Thanks Tarandeep for prompt reply.

Let me give you an example structure of FileA and FileB

FileA
-------

123 ABC 1


FileB
-----
123 ABC 2
456 BNF 3

Both the files are tab delimited. Every record is not simply compared with
each record in FileB. There's heuristic I am going to run for the comparison
and score the results along with output.
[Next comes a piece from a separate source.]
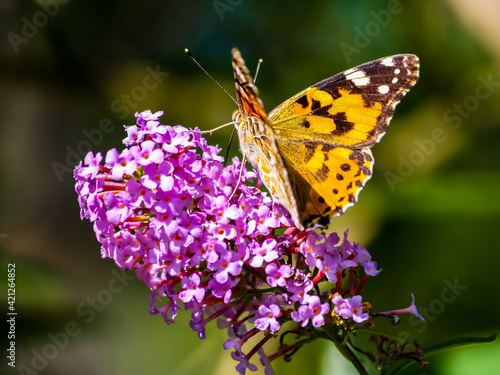 © Gabdulvachit, Obraz premium Beautiful butterfly sitting on purple inflorescence on dark blurred background
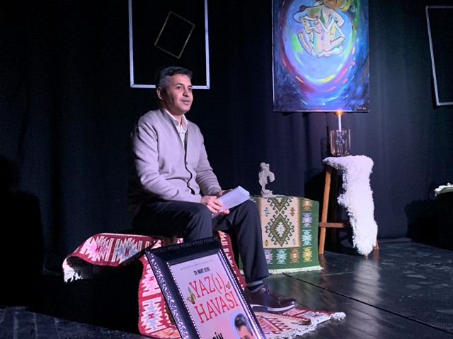 Maleviçin qara kvadratının içindəyik. Birazdan bu qara kvadratı dəyərə, mənaya mindirən şairin özü səhnəyə təşrif buyurur. Şamı görən Aqşin Yenisey “Füzuli də şam işığında şeir yazırdı” deyib ayaqüstü Füzuliyə sataşır, zal gülüşür, şeir gecəsi başlayır.

So my output file is like this

Output
--------

123 ABC 1 123 ABC 2 10 
123 ABC 1 456 BNF 3 20

first 3 columns in the output file are from FileA, next three columns are
from FileB and the last column is their comparison score.

So basically you are saying we can use two map/reduce jobs for FileA and
other for FileB

map (FileA) -> reduce (FileA)-> map (FileB) -> reduce (FileB)

For the first file FileA I map them with <k,V> (I can't use bloom filter
because comparison between each record from FileA is not a straight
comparison with every record in FileB - They are compared using heuristic
and scored them for their quantitative comparison and stored)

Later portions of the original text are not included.